Perhaps you’re traveling, and while your back is turned to take an important call, someone steals your laptop. Through no fault of your own, small businesses are vulnerable to theft in a variety of contexts, including cyber theft. For example, people could strategically attack your computer or network to steal your data. And don’t forget employee theft, which can include data as well as business materials.

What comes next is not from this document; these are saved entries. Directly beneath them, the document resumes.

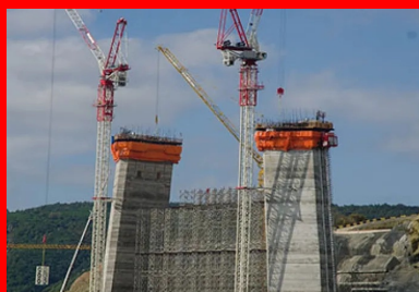
Ils sont réalisés jusqu'à 208 m de hauteur avec un coffrage glissant.

Ce prix exceptionnel remis par l' International Association for Bridge and Structural Engineering distingue des structures remarquables, innovantes, créatrices et stimulantes partout dans le monde. Il a été attribué le 19 septembre 2018 lors du 40e Symposium IABSE à Nantes en France.
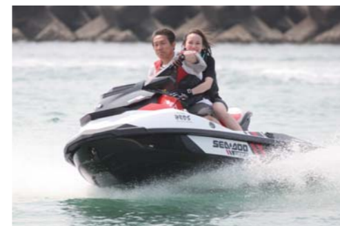
今回のトーイングで大活躍のシードゥWAKE155。
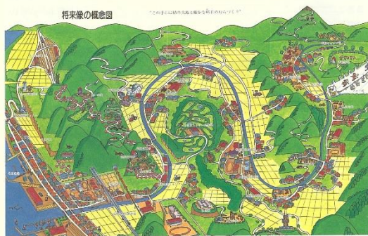
平成 8 年社会科副読本に描かれた「これからの名立町」

合併 20 周年を機にしても“トンネルの向こう”のことばかりでちとつかかりたくなり、70 年前の昭和 30 年(1955 年)には名立村と名立町が合併して“新しい名立町”になったし、30 年前の平成 7 年(1995 年)には「ろばた館」と「椿寿苑」がそれぞれ地域活性化と高齢者福祉推進の拠点としてスタートしたし、10 年前の平成 27 年(2015 年)3 月の北陸新幹線金沢駅延伸に伴い、名立駅はえちごトキめき鉄道に移管され、今も地域の大切な公共交通としてがんばってるし…と、名立にもいろんな歩みがあったんだよ…と言いたくなりますよね。
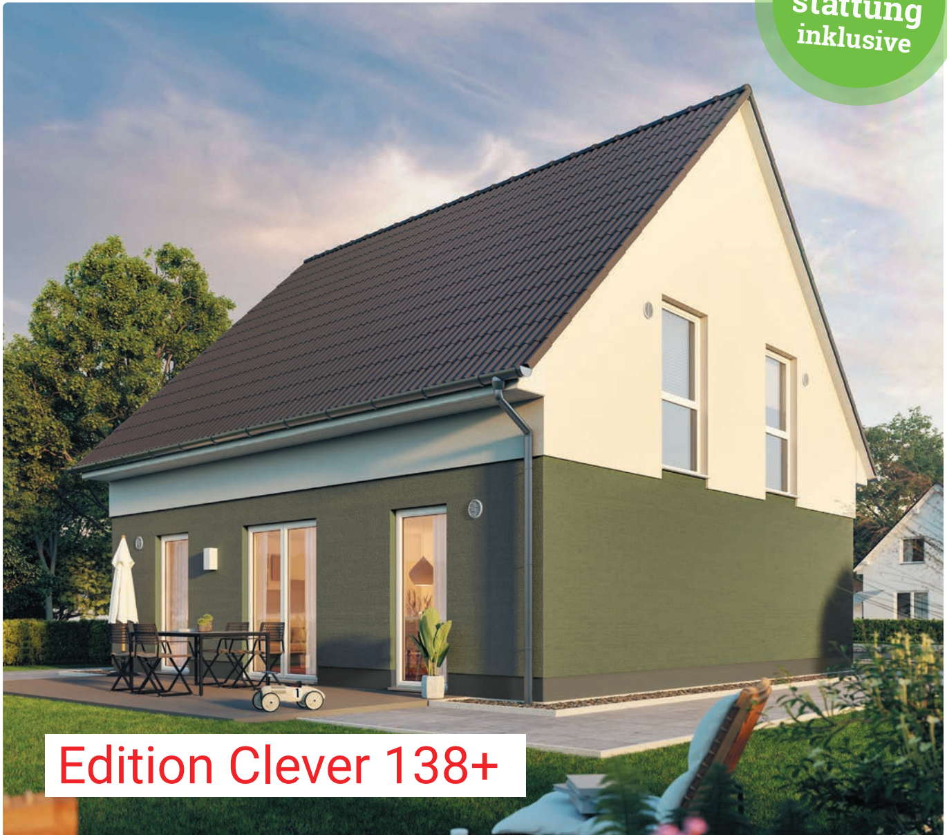
Edition Clever 138+

To protect your company against theft and ensure business continuity in the event of a loss, follow these four steps.
- Clearly communicate expectations to employees, contractors and vendors: With employees, make sure you have clear policies on expense reimbursement and how business property may be used. Without issuing an ultimatum, explain that if someone is taking advantage of a policy, changes will be made for the good of the company. With contractors and vendors, make sure you choose reputable firms and conduct background checks. If a theft does occur, documentation can help you spot and resolve the situation earlier.
- Secure your data and networks: We all know we should have antivirus software and secure passwords, but what about maintaining those defenses? Most home networks, even with a password, can be hacked by someone with a moderate knack for technology. To stay on top of hacking trends, make sure that you’re doing your due diligence. If a theft does occur, your IT staff will be better able to pinpoint weaknesses and improve your defenses.
- Track business property with an up-to-date inventory: From desktop computers and servers to smaller devices like PDAs, smartphones and tablets, clearly record which employees have what equipment, and clarify which devices may be taken home and which must remain in the office. Schedule a recurring appointment for updating your inventory. In the event of a theft, these detailed records can help protect your data as well as assist the police and your insurance company.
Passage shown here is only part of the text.